Bill Nighy received Academy Award, BAFTA and SAG nominations for his starring role in “Living.” (Sony Pictures Classics)

“Living,” directed by Oliver Hermanus and distributed by Sony Pictures Classics, is a reimagining of Akira Kurosawa’s 1952 film “Ikiru.”

Written by Nobel Prize-winning author Kazuo Ishiguro (“The Remains of the Day,” “The Unconsoled,” “Never Let Me Go”), “Living” stars BAFTA and Golden Globe winner Bill Nighy (“Love Actually,” “Pirates of the Caribbean,” “Minamata”). They received Academy Award nominations for best adapted screenplay and best lead actor, respectively.

At the BAFTAs, “Living” was nominated for best British film, best lead actor and best adapted screenplay. Nighy also received a SAG award nomination.

“Living,” which had its world premiere last year at the Sundance Film Festival, is the story of an ordinary man, reduced by years of oppressive office routine to a shadow existence, who at the eleventh hour makes a supreme effort to turn his dull life into something wonderful – into one he can say has been lived to the full.

Kazuo Ishiguro received the Nobel Prize for literature in 2017. (Kyodo)

In 1953, a London shattered by World War II is still recovering. Rodney Williams (Nighy), a veteran civil servant, is an impotent cog within the city’s bureaucracy as it struggles to rebuild. Buried under paperwork at the office, lonely at home, his life has long felt empty and meaningless. Then a shattering medical diagnosis forces him to take stock – and to try and grasp fulfilment before it goes beyond reach.

In Kurosawa’s film, Takashi Shimura played Kanji Watanabe, a bureaucrat who makes a last-ditch effort to build a playground in his local neighborhood. Ishiguro, who was born in Nagasaki, saw “Ikiru” as a schoolboy in England.

“What was very important to me was this study of the English gentleman,” Ishiguro told Kyodo News. “A certain type of Englishness becomes a universal metaphor for something that is inside all human beings.

“The need to conform, perhaps a fear of emotions, the frustration of wanting to express yourself but not being able to break out of your professional role, or the role that society has given you. There were many things I thought we could talk about of the whole human condition by looking at this type of figure.”
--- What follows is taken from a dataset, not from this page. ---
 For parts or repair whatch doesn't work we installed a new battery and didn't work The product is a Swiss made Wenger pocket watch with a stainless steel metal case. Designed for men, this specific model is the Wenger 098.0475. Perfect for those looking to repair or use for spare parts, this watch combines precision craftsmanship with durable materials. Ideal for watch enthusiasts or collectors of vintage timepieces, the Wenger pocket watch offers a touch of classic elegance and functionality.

Recalling the businessmen that he saw on the trains in London, Ishiguro summed up both “Ikiru” and “Living”: “Even if you had a small life with lots of limits, with thought and a big effort, you could make that life wonderful. It could be living to the full. I found this a very liberating message.”
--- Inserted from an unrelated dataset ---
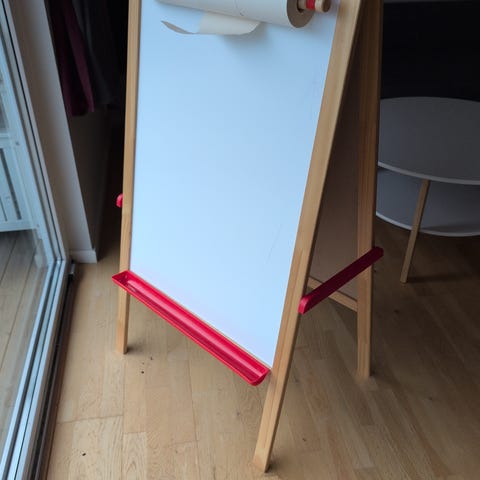IKEA staffli för barn med dubbelsidig rit- och skrivyta. Ena sidan är whiteboard och den andra sidan är griffeltavla. Staffliet har träram och en röd hylla undertill för förvaring av kritor, pennor eller sudd. Höjden är cirka 112 cm, bredden cirka 48 cm och djupet cirka 66 cm enligt produktbilden med mått. Passar för barn som vill rita, skriva eller leka skola hemma.

Takashi Shimura (left) starred in Akira Kurosawa’s masterpiece “Ikiru.”

The cast includes Aimee Lou Wood (“Sex Education”), Tony Award winner Alex Sharp (“The Trial of the Chicago 7”) and Tom Burke (“The Souvenir”). The film is produced by BAFTA winner and Academy Award nominee Stephen Woolley (“The Crying Game”) and BAFTA winner Elizabeth Karlsen (“Carol”) of Number 9 Films, who also produced Sony Pictures Classics’ drama “Mothering Sunday.” Executive producers are Kurosawa Productions.

The film features costume design by 15-time Academy Award nominee and three-time winner Sandy Powell (“Shakespeare in Love,” “Carol”), hair and makeup design by BAFTA winner Nadia Stacey (“The Favourite”), cinematography by BIFA nominee Jamie Ramsay, and production design by BAFTA TV Craft winner Helen Scott. All four also worked on “Mothering Sunday.”
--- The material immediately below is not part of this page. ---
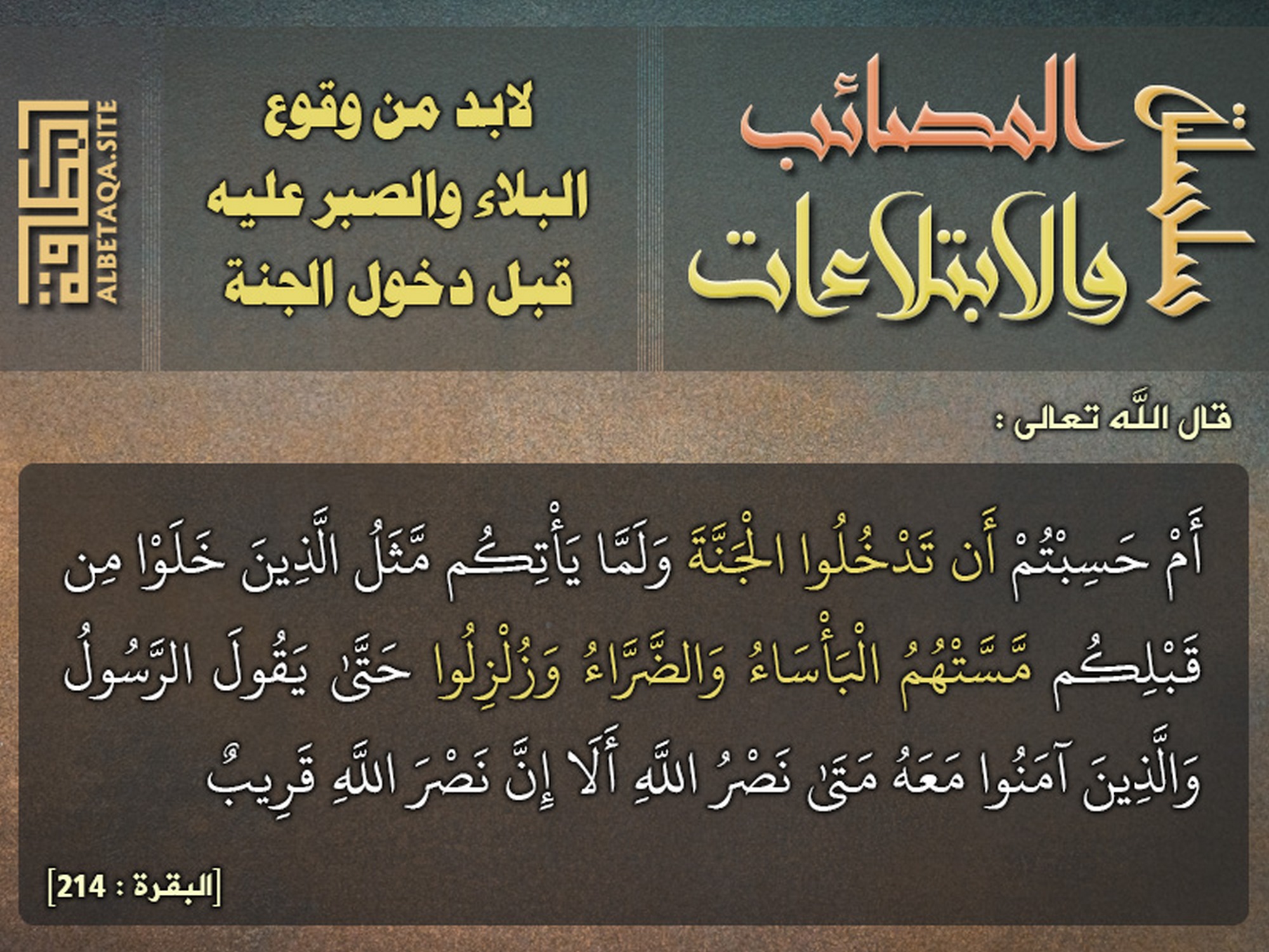 (أم حسبتم أن تدخلوا الجنة ولما يأتكم مثل الذين خلوا من قبلكم مستهم البأساء والضراء وزلزلوا حتى يقول الرسول والذين آمنوا معه متى نصر الله ألا إن نصر الله قريب). [البقرة: 214]

Sony Pictures Classics said, “From the dazzling screenplay by Ishiguro, to the visual storytelling by Oliver Hermanus, to the spectacular performances led by Bill Nighy, to the evocative score and the perfection of the movie‘s design and costumes, ‘Living’ is that overwhelming, emotional movie audiences are hungering for in their return to theaters.”

Woolley stated, “‘Living’ has been a work inspired by the passion of Kurosawa and built on by the equally passionate and sublimely talented Ishiguro, Bill Nighy and Oliver Hermanus. The team at Sony Pictures Classics have demonstrated for decades (with a track record of great movies that is unrivaled) that passion is the vital ingredient in not only making and creating vibrant movies but also releasing those films to audiences in North America and globally.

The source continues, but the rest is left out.